Setting the Scene
Gray-blue walls and dry mulch covering the front yard. An obscenely comfy queen mattress and my closet, doorless, packed to the brim from clothes I have bought over the entirety of my life. Most of them I don’t wear. That’s gotta be normal, right? That I only wear around 30% of my wardrobe regularly? The rest lie in the ‘throw me away’ or ‘once I lose weight, these’ll fit me again’ piles.
That’s my room. I have known this room for the vast majority of my life. It has served as a cocoon, as a refuge, as a pigsty.
It has witnessed my childhood Elementary years, my awkward middle-school years, my nail-by-nail clawing crawl through highschool. I think, with all of this, I would just like to thank it one last time before I leave.
Although I will only be gone for 9 months (returning June of 2023), I definitely believe that it won’t be the same room that I left. It’ll be cleaner than I left it, for sure. The 4 walls will be the same, but my eyes may see another room, another life.
While it may not be my room anymore, I will still have the same problems - the same struggles. And I think having this massive trip in front of me has really crystallized the ways in which I balance my life.
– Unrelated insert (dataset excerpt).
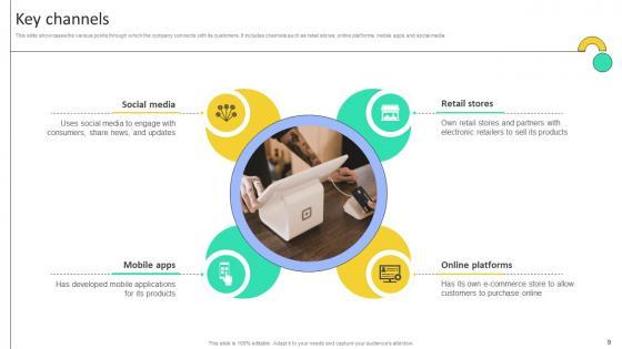 This slide showcases the various points through which the company connects with its customers. It includes channels such as retail stores, online platforms, mobile apps and social media. From laying roadmaps to briefing everything in detail, our templates are perfect for you. You can set the stage with your presentation slides. All you have to do is download these easy-to-edit and customizable templates. Key Channels Electronic Company Business Model BMC SS V will help you deliver an outstanding performance that everyone would remember and praise you for. Do download this presentation today. This slide showcases the various points through which the company connects with its customers. It includes channels such as retail stores, online platforms, mobile apps and social media.

The question starts like this: “What am I going to do in Scotland for nine months?”
Then it precipitates into a waterfall of philosophizing and goal setting; all while trying to maintain a mindfulness so that I can actually enjoy this amazing opportunity. What will I consider a ‘success’ or ‘unwasted’ when I’m back in that same room after all this is over?
I think the first thing is just to say “yes.” After that the rest of it will all fall into place.
And while that wholesome pursuit into the unknown is fantastic, there’s so much more. Finishing that short story for the DEL award, getting my website tightened up for my resume.
So I must cling onto the juxtapositions of having purpose, of setting goals and being myopic in their pursuit, of being free in the mind in pursuit of enjoying that myopia.
The thought of that makes me feel unstable. Does anybody else find that unnerving, that paradox?